Aider financièrement de la même manière l’exercice libéral et salarié en maison de santé
La distinction entre exercice libéral et exercice dans les maisons de santé ne peut suffire à fonder des différences dans l’octroi des aides conventionnelles visant à encourager l’installation des professionnels ou le maintien de leur activité dans les zones sous-dotées. Ces aides ne sont pas systématiquement défavorables aux centres de santé, mais les médecins libéraux sont favorisés. Mettons un terme à cette inégalité de traitement, au détriment des centres de santé.
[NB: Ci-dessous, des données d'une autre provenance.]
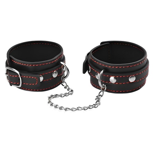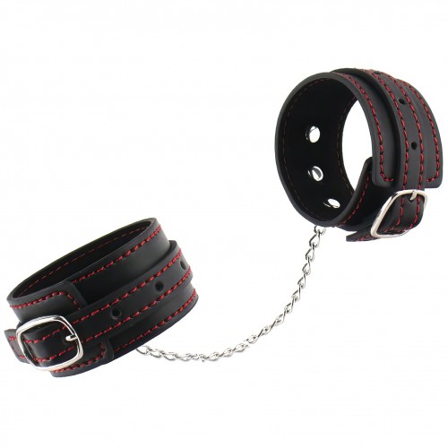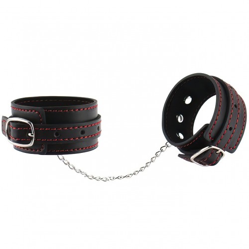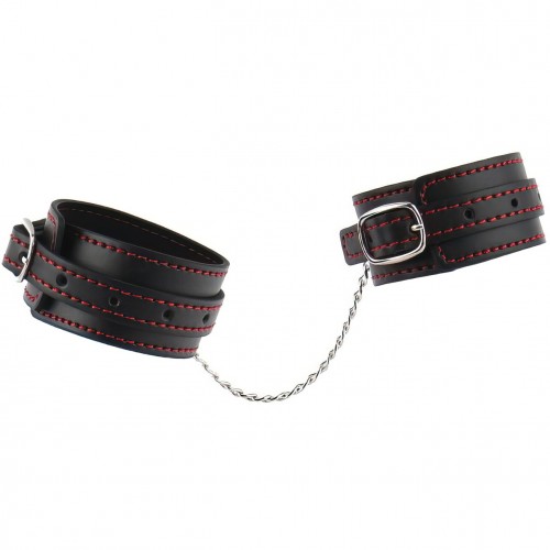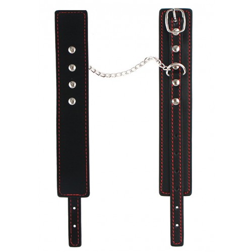 Узкие наручники черного цвета с красной нитью
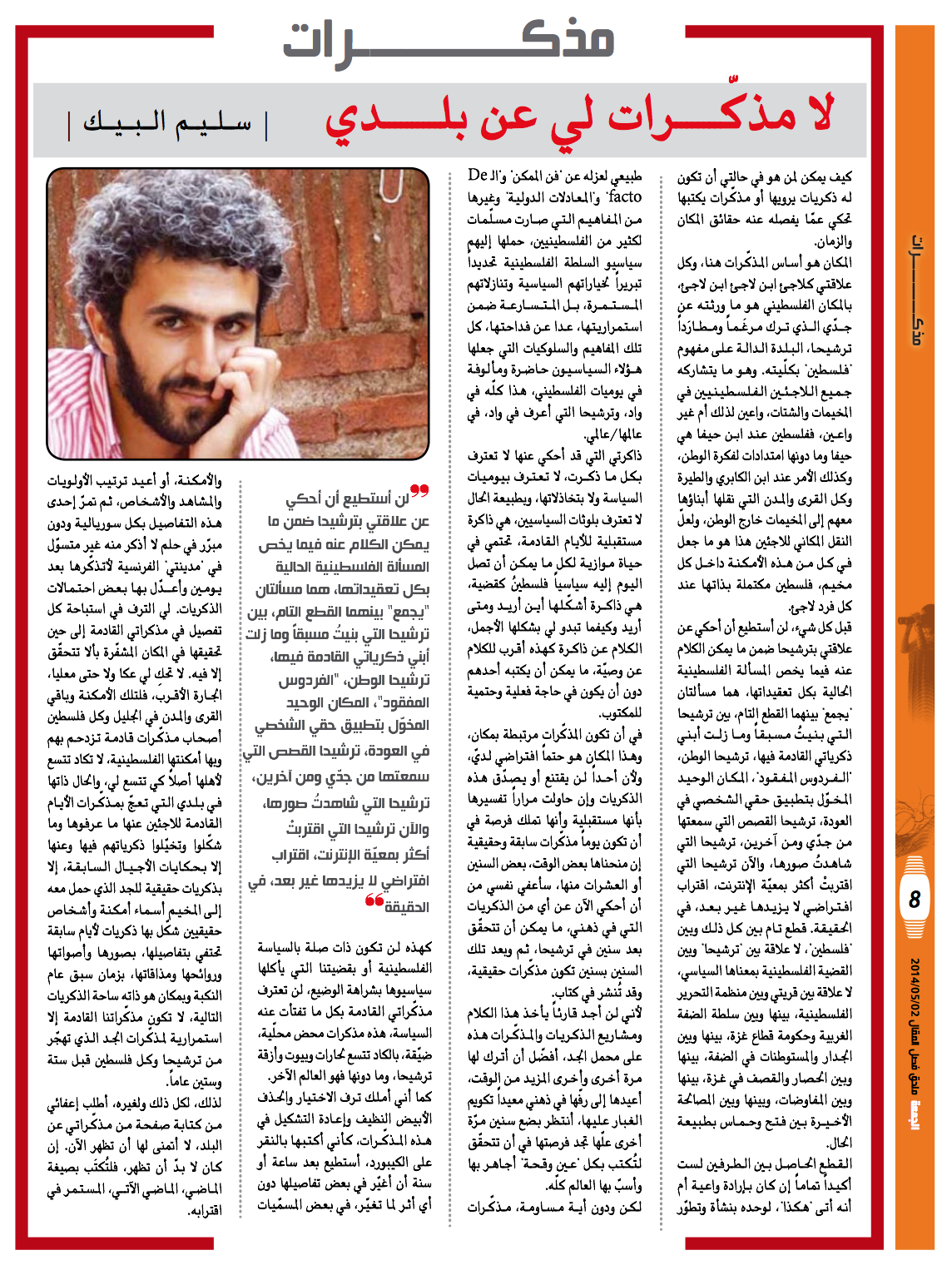 كيف يمكن لمن هو في حالتي أن تكون له ذكريات يرويها أو مذكّرات يكتبها تحكي عمّا يفصله عنه حقائق المكان والزمان.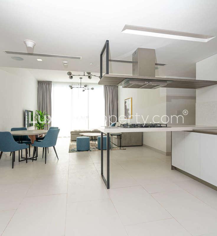 So here's what you get. The whole apartment is laid out in a way that works for day to day life, not just show. You walk in to a living room that feels open but also has these little corners where you can imagine getting comfortable. There's enough space for a good size dining table if you love having people for dinner. The kitchen actually feels like somewhere you'd cook for real, not just heat a takeaway. The breakfast counter is a spot where I can picture you having coffee in the morning, maybe before the rest of the Palm is awake. Sometimes you get tired of closed off spaces but here it just feels easy.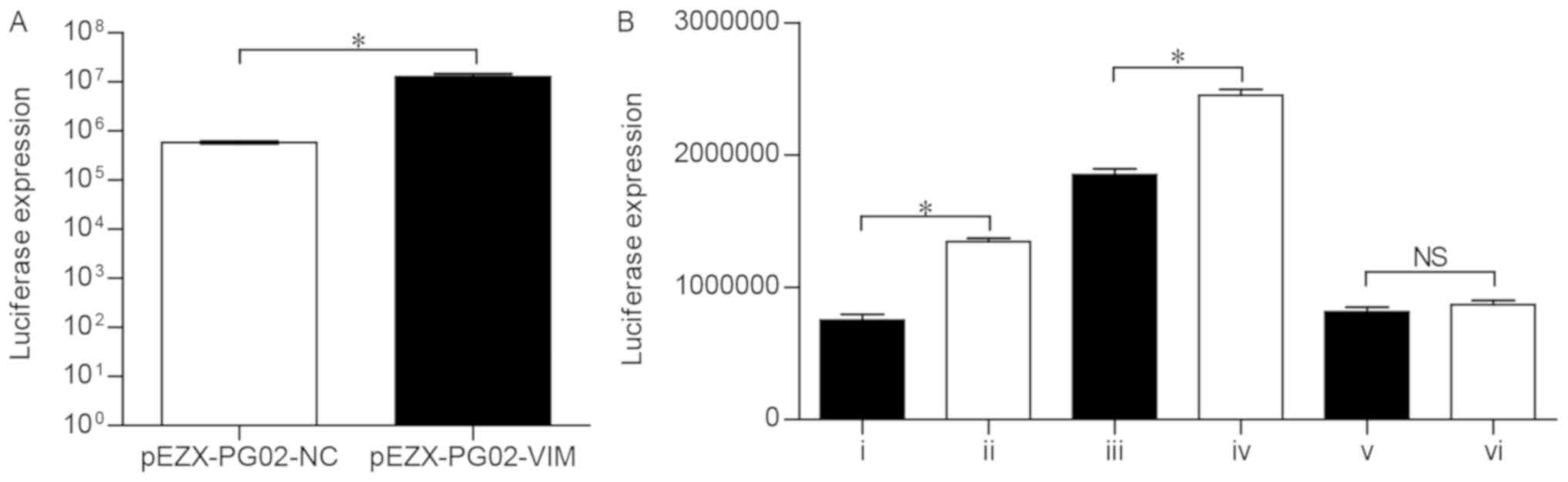 According to the results of prediction (Table III), two types of mutational pEZX-PG02-VIM promoter plasmids (pEZX-PG02-VIM-mut1 and pEZX-PG02-VIM-mut2) were constructed. To verify the activity of the pEZX-PG02-VIM promoter vector, the recombinant plasmid was transfected into Huh-7 cells and the luciferase expression was detected using a fluorescent microscope. Compared with the pEZX-PG02-NC group, the cells containing the pEZX-PG02-VIM recombinant plasmid exhibited significantly higher luciferase activity (P<0.05; Fig. 4A), indicating that the VIM promoter sequence can be bound and activated in Huh-7 cells.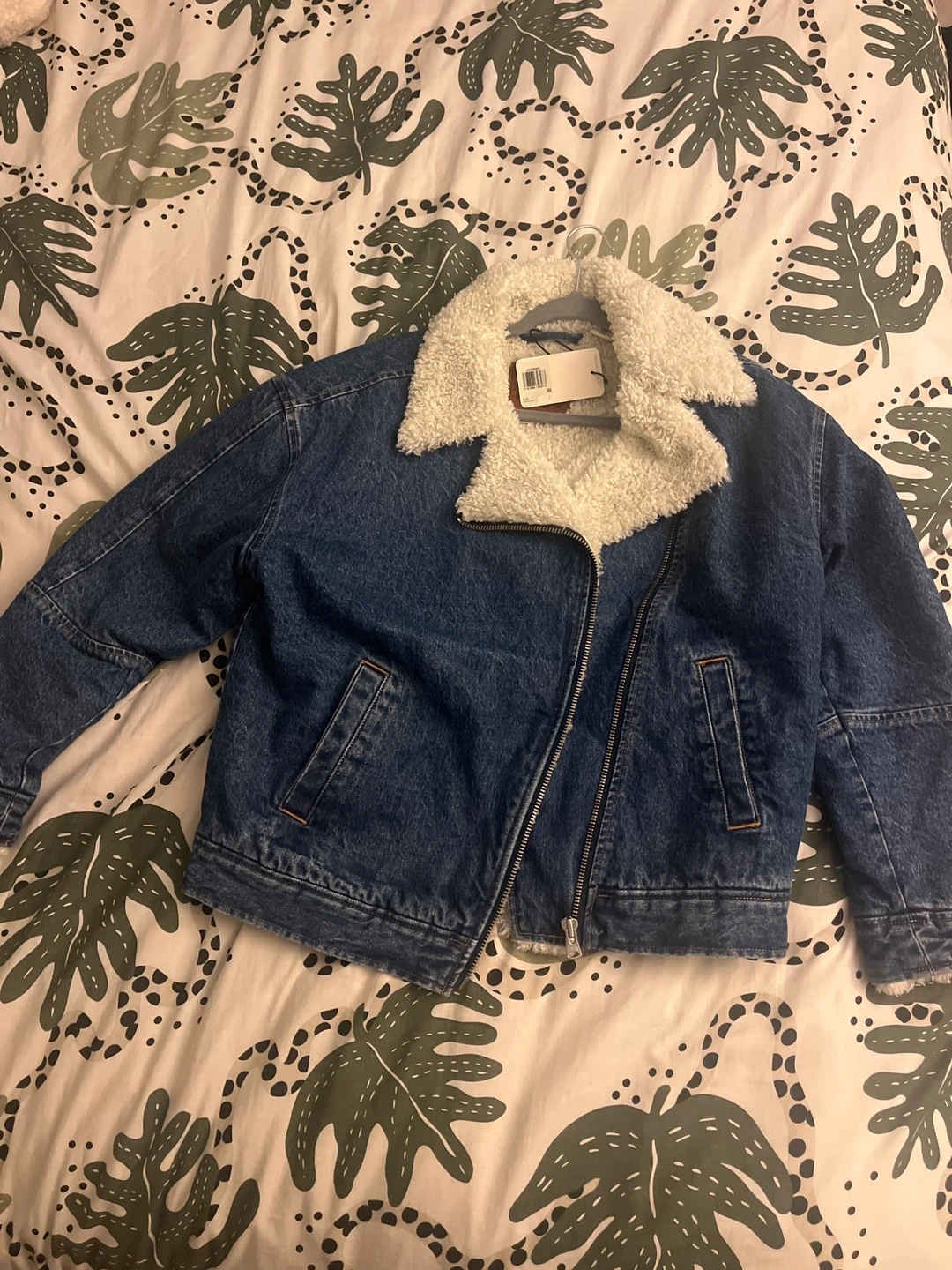 Levi's denim sherpa jacket in size small. This jacket features a cozy sherpa lining and a classic denim look. Perfect for adding a touch of style and warmth to your outfit! New with tags, never worn.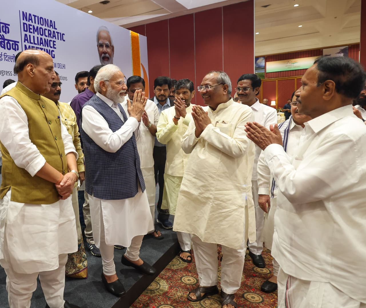 मीटिंग में पहुंचे प्रधानमंत्री मोदी ने एनडीए कुनबे के एक-एक नेताओं से मुलाकात की है। यूपी के मंत्री और निषाद पार्टी के नेता डॉ.संजय निषाद ने जब हाथ जोड़कर नमस्कार किया तो पीएम ने भी हाथ जोड़कर अभिवादन किया।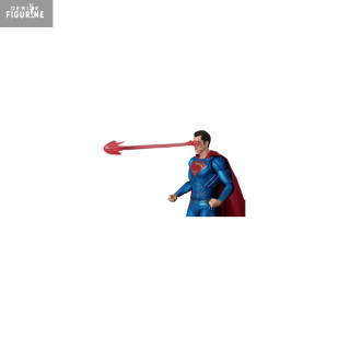 La figurine reproduit fidèlement l’allure du Superman de Henry Cavill, avec une finition impressionnante sur la combinaison texturée, le logo S en relief, et surtout la cape souple au tombé réaliste. En bonus, on retrouve deux accessoires emblématiques : un effet de vision thermique rouge et un masque de Batman brûlé, parfaits pour rejouer la scène culte du film.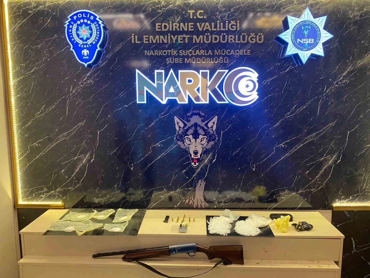 Edirne İl Emniyet Müdürlüğü Narkotik Suçlarla Mücadele Şubesi ile İstihbarat Şubesi koordinesinde M.H.Y. isimli şahsın ikametinde arama yapıldı. Yapılan aramada 8 parça halinde 823 gram metamfetamin, 1 hassas terazi ve 1 av tüfeği ele geçirildi. Olayla ilgili 2 şahıs gözaltına alındı. İşlemlerin ardından adliyeye sevk edilen B.B. isimli kadın adli kontrolle serbest bırakılırken, M.H.Y. ise çıkarıldığı mahkemece tutuklandı.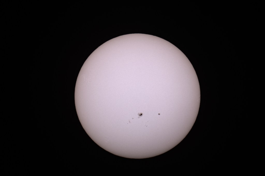 Die Eruptionen kann ich mit meinem Equipement leider nicht fotographisch festhalten. Die Sonnenflecken aber schon. Hier ein Übersichtsbild der Sonne, aufgenommen mit der Canon 6D am Mak mit 1,5m Brennweite. Vorne am Teleskop natürlich eine fotografische Sonnenfilterfolie.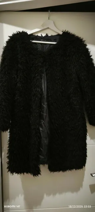 Abrigo de pelo sintético con un diseño moderno y llamativo. - Tacto suave y agradable. - Corte abierto. - Manga larga. - Nunca usado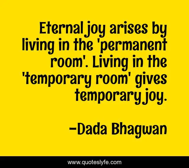 This page presents the quote "Eternal joy arises by living in the 'permanent room'. Living in the 'temporary room' gives temporary joy.". Author of this quote is Dada Bhagwan. This quote is about eternal, spiritual, permanent, temporary, rooms,.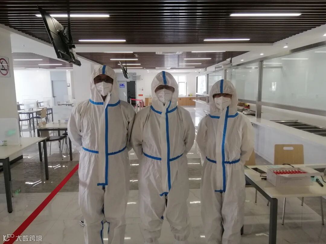 在工作中,他们认真核对“一人一码”,确保检测不漏一人,科学严谨。扫码登记过程中,需要直接接触过往人员,这也意味着有更大的感染风险,一轮检测下来,卸下防护口罩后脸上是深深的印痕,脱下防护服浑身上下已经湿透。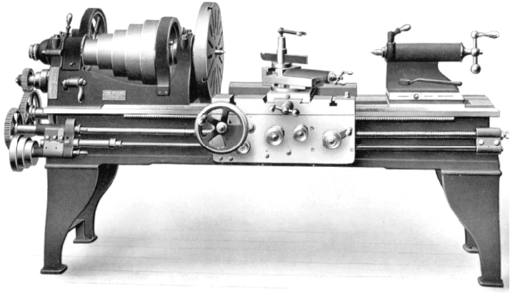 25-inch Bradford. This was very much more heavily constructed machine than the 21 inch and had a substantially deeper and heavier bed (mounted on two massive cast-iron box-section cabinets) that weighed 25% more per foot of length than the smaller lathe. The No. 4 Morse taper tailstock was fitted with a rack drive and two clamping plates. This particular example is fitted with the Friction Backgear assembly, which not only allowed instantaneous changes to be made between the low and high speed ranges, but provided a neutral position in the middle which stopped the spindle rotating. This accessory was available on all Bradford lathes up to and including the 25-inch.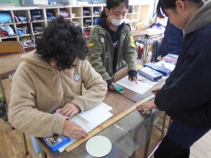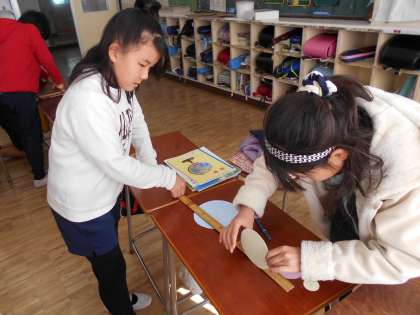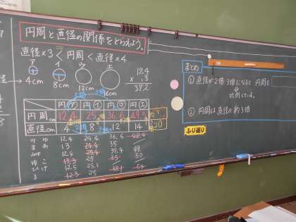 今日の少人数算数では、直径と円周の関係を考えました。厚紙の円をものさしの上でころがして円周を求めました。「滑っちゃうからソフト下敷きを置こう。」「だいたい直径の3倍くらいになってるよ。」「違う大きさの円でも同じだったよ。」友達とペアで確かめながら規則性を見つけていきました。明日は円周率という言葉を学習します。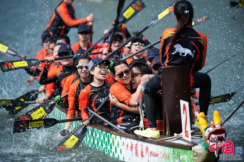 澳门国际龙舟赛获胜队庆祝胜利 张金加 摄 端午节赛龙舟是中华民族重要的传统文化活动,龙舟赛在澳门得到了很好的继承和发展。澳门国际龙舟赛不仅是本地重要的传统节庆活动,而且是城中最受欢迎的国际户外体育赛事之一,澳门及各地龙舟好手在南湾湖内奋勇前进,观众的吶喊声、喧天的锣鼓声和飘扬的彩旗,令一向平静的南湾湖载满热闹。
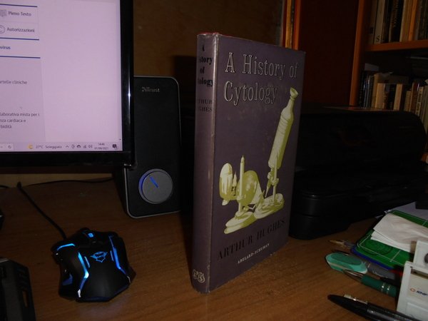 ARTHUR HUGHES. London and New York, Abelard-Schuman, 1959. A History of Cytology. In-8°, tela rossa con fregi e titolo in oro sul dorso, sovracopertina. x, 158 pp. con numerose illustrazioni in 12 tavole f.t. Ottimo esemplare. Uff. C - IV - 6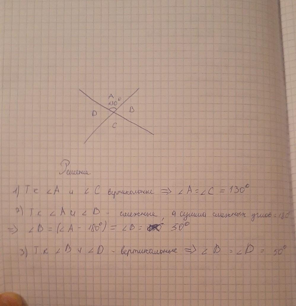 при пересечении двух прямых образовались углы Найдите градусные меры всех углов если один из них равен 130 градусов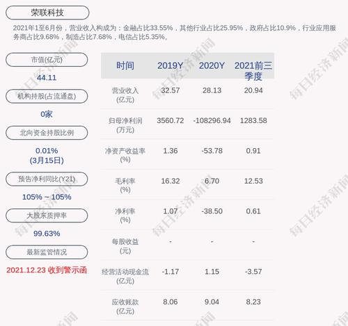 每经AI快讯,荣联科技(SZ 002642,收盘价:6.61元)3月16日晚间发布公告称,截至本公告日,王东辉累计质押股数约为7941万股,占其所持股份比例为98.69%。吴敏累计质押股数为0股,占其所持股份比例为0%。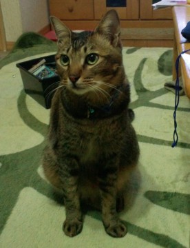 いなくなった時に水色の鈴付きの首輪しています。

Vous le voyez, notre texte sort clairement de l’incitation pour à la fois demander des efforts proportionnés aux médecins et aux étudiants, et développer concomitamment la coordination de tous les acteurs. Si nous instaurons un certain nombre d’obligations, nous en fixons le principe et le cadre tout en donnant aux professionnels concernés les moyens de se coordonner, de s’organiser entre eux et d’en choisir les modalités. Nous considérons que c’est seulement avec ces efforts conjugués que nous pourrons préserver l’accès aux soins partout.
Si un consensus peut être trouvé sur le constat de la situation catastrophique de l’accès à la santé et sur l’urgence à agir, l’examen de notre proposition de loi a malheureusement démontré que ni le gouvernement ni la majorité sénatoriale n’était prête à nous suivre dans ces propositions de rupture. Pourtant, avec cette proposition de loi, nous apportons des réponses concrètes, efficaces et pragmatiques pour répondre à ce problème des déserts médicaux qui nous taraude tous.